Was wondering if somebody could help me with an issue I am having with DEXSeq. The issue is that I am getting basically 100,s of thousands of exons being deferentially used in a time course experiment I am carrying out and was wondering if somebody that has experience with this could help me/look over my code. I have about 100 samples but have cut down to organs in which I have at least 2 replicates (so far) per time point. The time points are p3, p15, p30 and p60 with an additional 4 time points coming from sequencing results in the near future.

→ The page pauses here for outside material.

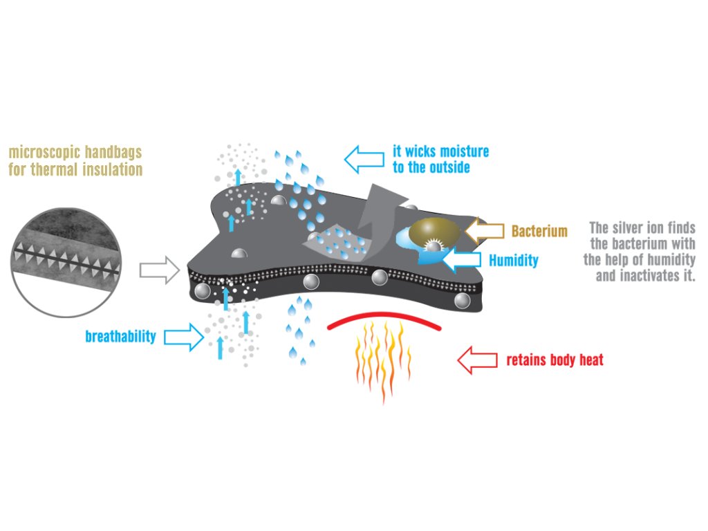 Strieborné ióny inaktivujú baktérie pri kontakte s vlhkosťou, čím udržiavajú tričko hygienické aj počas dlhých ponorov.

The aim of this question I have is as follows: Is there a difference in exon usage in each organ going from p3 up to p60. After this, can I identify exons that are deferentially used across all organs or a subset of organs?
I have no trouble doing this analysis for differential gene expresion across time but I think I have become a bit confused, especially with the sample data with DEXSeq: The code is as follows:
hse <- makeTxDbFromBiomart(biomart="ensembl", dataset="mmusculus_gene_ensembl")
exonsByGene <- exonsBy(hse, by="gene")
exonicParts = disjointExons( hse, aggregateGenes=FALSE )
bamDir<- file.path(file= "Amir Raw RNA-sq data/")
fls <-list.files( bamDir, pattern="bam$", full=TRUE )
bamlst = BamFileList( fls, index=character(), yieldSize=100000,
SE = summarizeOverlaps( exonicParts, bamlst, mode="Union",
singleEnd=FALSE, ignore.strand=TRUE, inter.feature=FALSE,
I am then pulling the sample data from columns in my metadata sheet name sampledataalltimepoints:
diffexon<-DEXSeqDataSetFromSE( SE ,design= ~condition+Organ+exon )
head( counts(diffexon), 5 )
[,1] [,2] [,3] [,4] [,5] [,6] [,7] [,8]
ENSMUSG00000000001:E001 459 1992 552 2052 1028 654 907 1576
ENSMUSG00000000001:E002 51 394 90 297 173 110 154 391
ENSMUSG00000000001:E003 126 393 99 333 203 118 144 374
ENSMUSG00000000001:E004 139 365 110 305 179 110 139 340
ENSMUSG00000000001:E005 212 439 121 403 206 152 199 418.... etc
diffexon = estimateSizeFactors( diffexon )
dxd<-estimateDispersions(diffexon ).... Very time consuming!
diffexonusage = testForDEU( dxd, fullModel = ~condition+Organ+exon, reducedModel = ~Organ, BPPARAM = BPPARAM)
dxd = estimateExonFoldChanges(diffexonusage , fitExpToVar ="condition", BPPARAM = BPPARAM, independentFiltering = F)
dxr1 = DEXSeqResults( dxd )
DataFrame with 452908 rows and 17 columns
ENSMUSG00000000001:E001 ENSMUSG00000000001 E001
ENSMUSG00000000001:E002 ENSMUSG00000000001 E002
ENSMUSG00000000001:E003 ENSMUSG00000000001 E003
ENSMUSG00000000001:E004 ENSMUSG00000000001 E004
ENSMUSG00000000001:E005 ENSMUSG00000000001 E005
... ... ...
ENSMUSG00000116527:E011 ENSMUSG00000116527 E011
ENSMUSG00000116527:E012 ENSMUSG00000116527 E012
ENSMUSG00000116527:E013 ENSMUSG00000116527 E013
ENSMUSG00000116527:E014 ENSMUSG00000116527 E014
ENSMUSG00000116528:E001 ENSMUSG00000116528 E001
exonBaseMean dispersion stat
<numeric> <numeric> <numeric>
ENSMUSG00000000001:E001 657.8843 0.10376174 14.42773
ENSMUSG00000000001:E002 106.5895 0.13580335 972.78567
ENSMUSG00000000001:E003 112.4083 0.09943998 1267.37422
ENSMUSG00000000001:E004 105.6330 0.09874353 1331.44409
ENSMUSG00000000001:E005 134.5156 0.09485669 1153.30200... etc
By making the reduced model organ, am I not lookinf for the effects of time and exon usage?
This seems very vert wrong to me given the massive amount of differentially expressed exons.. and MA plot essentially is a splash of red for significant genes across the whole plot. Is the design I am using wrong, again, to test for differential exon usage across time in each organ? any help would be hugely helpful as this is an important analysis for me. Many thanks in advance!